▶ Exercise instructions
Look below for the line holding "- Armario rack" and the line holding "Green ‘Rosanne Diamond". Repeat those two and everything between, exactly.

▶ Source material
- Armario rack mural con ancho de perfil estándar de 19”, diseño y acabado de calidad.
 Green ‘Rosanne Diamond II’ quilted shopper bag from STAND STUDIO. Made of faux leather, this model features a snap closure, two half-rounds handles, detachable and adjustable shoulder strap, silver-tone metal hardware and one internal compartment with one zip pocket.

--

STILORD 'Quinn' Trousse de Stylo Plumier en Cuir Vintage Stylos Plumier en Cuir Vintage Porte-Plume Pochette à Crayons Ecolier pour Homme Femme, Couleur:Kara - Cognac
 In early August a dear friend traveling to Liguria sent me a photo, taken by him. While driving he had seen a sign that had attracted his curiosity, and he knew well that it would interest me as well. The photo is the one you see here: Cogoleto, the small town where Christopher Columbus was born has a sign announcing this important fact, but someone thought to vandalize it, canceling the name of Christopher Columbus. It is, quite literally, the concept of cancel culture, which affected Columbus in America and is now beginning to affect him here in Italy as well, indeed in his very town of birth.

==

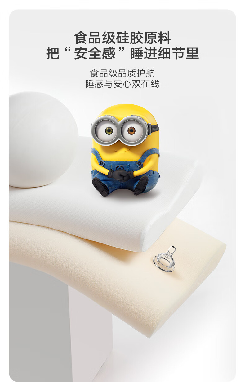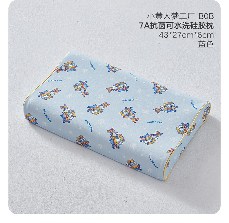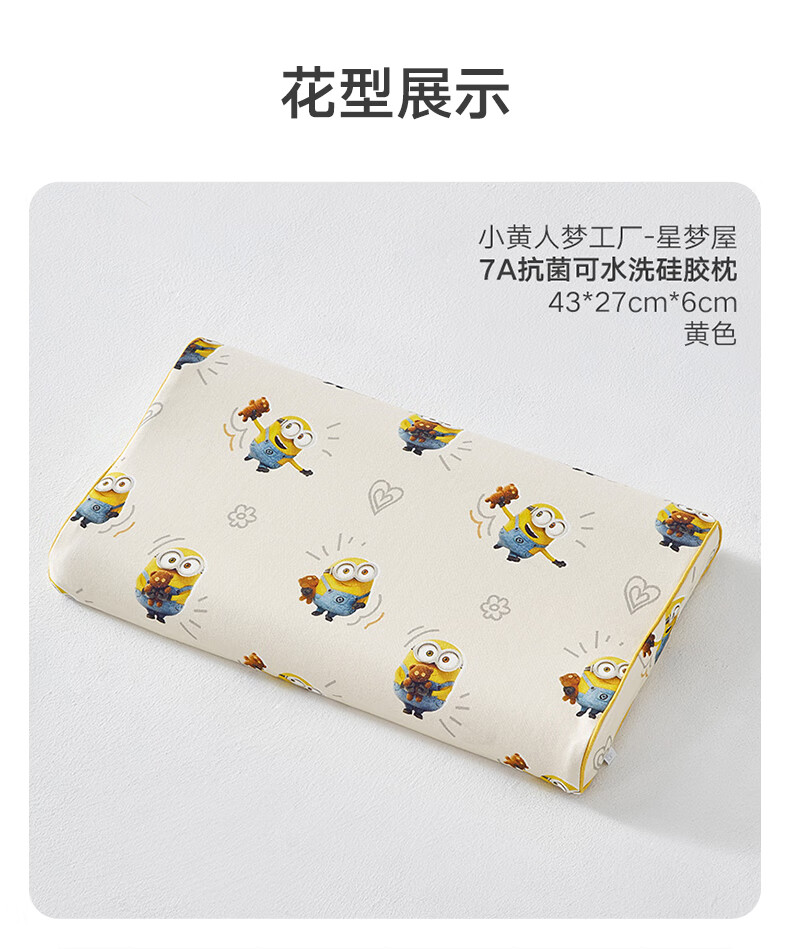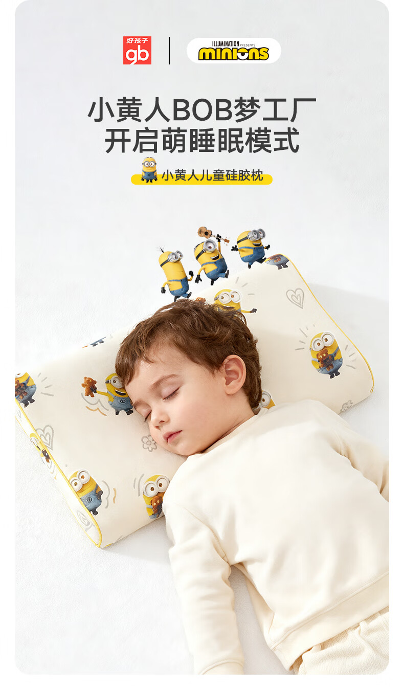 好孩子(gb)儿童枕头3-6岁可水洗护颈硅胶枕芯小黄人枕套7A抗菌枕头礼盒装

▶ Solved problem
- Armario rack mural con ancho de perfil estándar de 19”, diseño y acabado de calidad.
 Green ‘Rosanne Diamond II’ quilted shopper bag from STAND STUDIO. Made of faux leather, this model features a snap closure, two half-rounds handles, detachable and adjustable shoulder strap, silver-tone metal hardware and one internal compartment with one zip pocket.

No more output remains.